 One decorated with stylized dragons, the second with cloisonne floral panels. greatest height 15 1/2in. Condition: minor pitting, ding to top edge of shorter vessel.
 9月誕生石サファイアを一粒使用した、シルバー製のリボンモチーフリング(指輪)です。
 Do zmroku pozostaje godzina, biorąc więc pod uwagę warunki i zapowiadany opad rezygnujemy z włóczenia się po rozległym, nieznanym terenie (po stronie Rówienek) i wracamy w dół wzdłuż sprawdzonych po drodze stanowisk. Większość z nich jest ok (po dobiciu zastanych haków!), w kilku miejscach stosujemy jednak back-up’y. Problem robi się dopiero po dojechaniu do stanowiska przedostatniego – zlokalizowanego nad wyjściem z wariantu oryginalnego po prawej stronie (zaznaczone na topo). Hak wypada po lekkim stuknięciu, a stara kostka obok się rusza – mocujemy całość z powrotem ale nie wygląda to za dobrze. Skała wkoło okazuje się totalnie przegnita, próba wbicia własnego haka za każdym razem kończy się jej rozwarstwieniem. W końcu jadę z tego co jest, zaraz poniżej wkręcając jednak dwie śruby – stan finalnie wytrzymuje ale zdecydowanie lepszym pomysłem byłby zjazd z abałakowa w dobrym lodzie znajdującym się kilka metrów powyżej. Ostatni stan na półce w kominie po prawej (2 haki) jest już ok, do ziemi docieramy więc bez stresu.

...

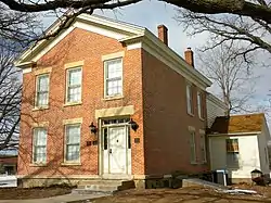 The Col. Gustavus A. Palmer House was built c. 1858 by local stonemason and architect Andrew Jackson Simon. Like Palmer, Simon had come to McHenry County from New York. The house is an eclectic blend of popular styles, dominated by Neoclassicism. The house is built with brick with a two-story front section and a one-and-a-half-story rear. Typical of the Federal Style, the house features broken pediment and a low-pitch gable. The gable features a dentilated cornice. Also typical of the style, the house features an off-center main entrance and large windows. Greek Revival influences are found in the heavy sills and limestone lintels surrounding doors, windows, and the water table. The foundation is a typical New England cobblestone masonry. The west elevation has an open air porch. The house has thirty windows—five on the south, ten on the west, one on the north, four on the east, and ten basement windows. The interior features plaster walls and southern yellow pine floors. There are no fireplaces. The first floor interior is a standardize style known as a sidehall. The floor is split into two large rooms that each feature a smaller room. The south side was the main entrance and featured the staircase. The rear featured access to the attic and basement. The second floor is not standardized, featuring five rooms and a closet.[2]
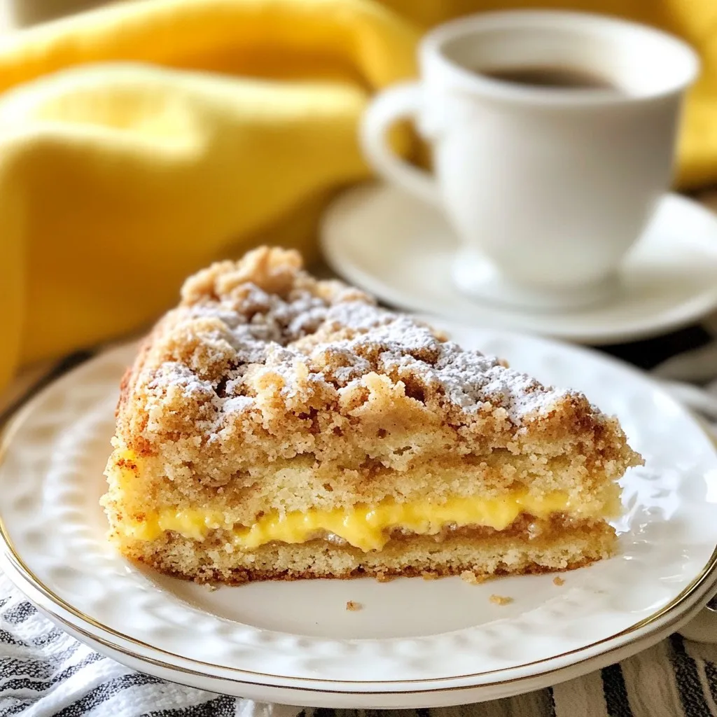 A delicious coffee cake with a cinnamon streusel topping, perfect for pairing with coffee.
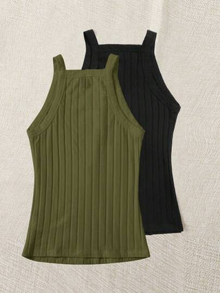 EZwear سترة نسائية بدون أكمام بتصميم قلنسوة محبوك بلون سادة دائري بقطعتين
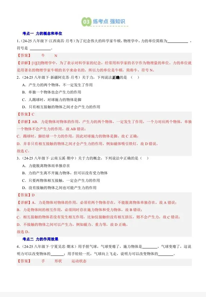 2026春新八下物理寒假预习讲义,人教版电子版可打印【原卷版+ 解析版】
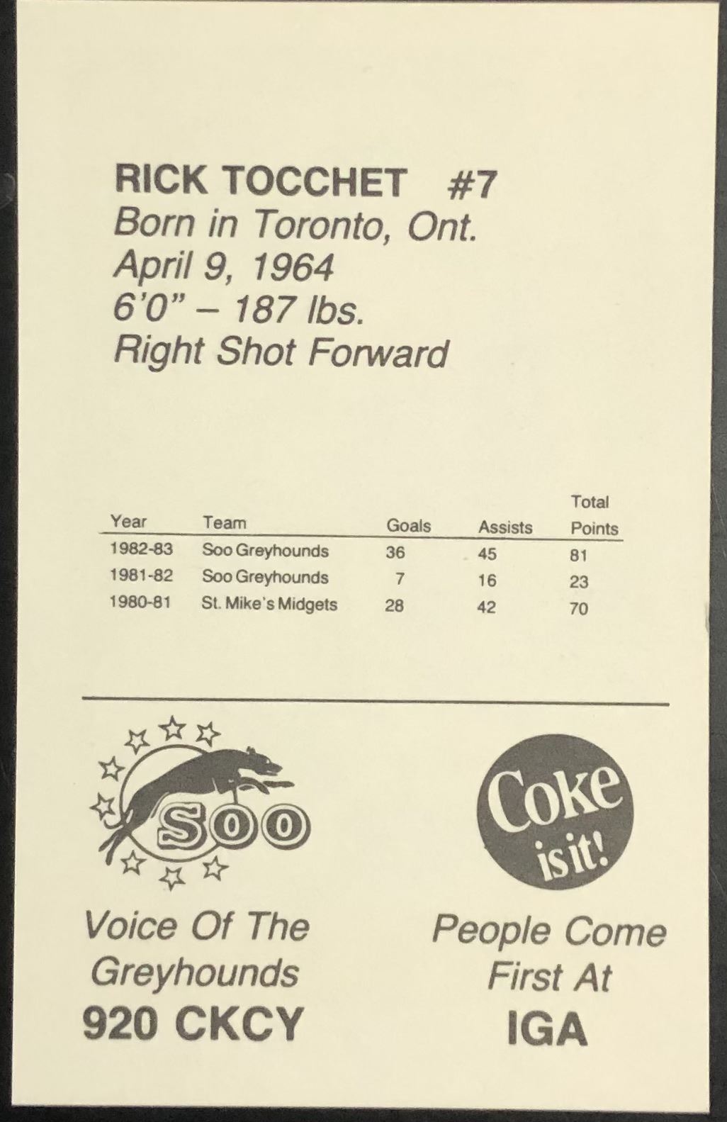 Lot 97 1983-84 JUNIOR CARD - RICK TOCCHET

--

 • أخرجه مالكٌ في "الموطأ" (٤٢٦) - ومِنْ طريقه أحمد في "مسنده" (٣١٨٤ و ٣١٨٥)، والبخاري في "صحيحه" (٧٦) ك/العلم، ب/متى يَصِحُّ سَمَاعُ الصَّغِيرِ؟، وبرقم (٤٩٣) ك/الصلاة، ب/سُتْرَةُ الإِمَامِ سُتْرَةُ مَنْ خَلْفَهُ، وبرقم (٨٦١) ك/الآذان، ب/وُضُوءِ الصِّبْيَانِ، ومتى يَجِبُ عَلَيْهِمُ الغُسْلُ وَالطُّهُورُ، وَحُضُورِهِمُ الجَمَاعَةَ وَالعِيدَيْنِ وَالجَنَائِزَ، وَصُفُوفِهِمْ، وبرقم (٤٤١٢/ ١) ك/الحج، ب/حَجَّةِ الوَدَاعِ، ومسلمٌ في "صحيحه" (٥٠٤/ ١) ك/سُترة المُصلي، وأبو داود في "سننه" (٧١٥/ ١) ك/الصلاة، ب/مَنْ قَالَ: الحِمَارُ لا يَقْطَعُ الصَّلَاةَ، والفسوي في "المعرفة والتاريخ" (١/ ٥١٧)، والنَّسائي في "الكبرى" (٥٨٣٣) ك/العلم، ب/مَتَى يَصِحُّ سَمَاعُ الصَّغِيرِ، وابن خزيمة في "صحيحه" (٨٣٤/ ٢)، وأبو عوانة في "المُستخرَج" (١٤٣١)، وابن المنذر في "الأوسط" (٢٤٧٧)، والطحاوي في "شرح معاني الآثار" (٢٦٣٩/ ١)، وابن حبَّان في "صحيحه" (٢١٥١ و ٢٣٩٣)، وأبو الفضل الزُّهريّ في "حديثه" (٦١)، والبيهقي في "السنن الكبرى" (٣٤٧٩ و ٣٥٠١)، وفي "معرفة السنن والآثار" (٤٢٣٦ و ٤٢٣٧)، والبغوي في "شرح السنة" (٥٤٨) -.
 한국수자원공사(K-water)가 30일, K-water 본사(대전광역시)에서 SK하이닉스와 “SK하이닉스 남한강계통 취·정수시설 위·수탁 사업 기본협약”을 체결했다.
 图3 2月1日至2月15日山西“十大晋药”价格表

WHAT IS EXPECTED
Within the data above, repeat exactly the lines from the one bearing "EZwear سترة نسائية" through the one bearing "Lot 97 1983-84 JUNIOR CARD - RICK TOCCHET". Include no pictures and nothing else.

EXERCISE OUTPUT
 EZwear سترة نسائية بدون أكمام بتصميم قلنسوة محبوك بلون سادة دائري بقطعتين
 2026春新八下物理寒假预习讲义,人教版电子版可打印【原卷版+ 解析版】
 Lot 97 1983-84 JUNIOR CARD - RICK TOCCHET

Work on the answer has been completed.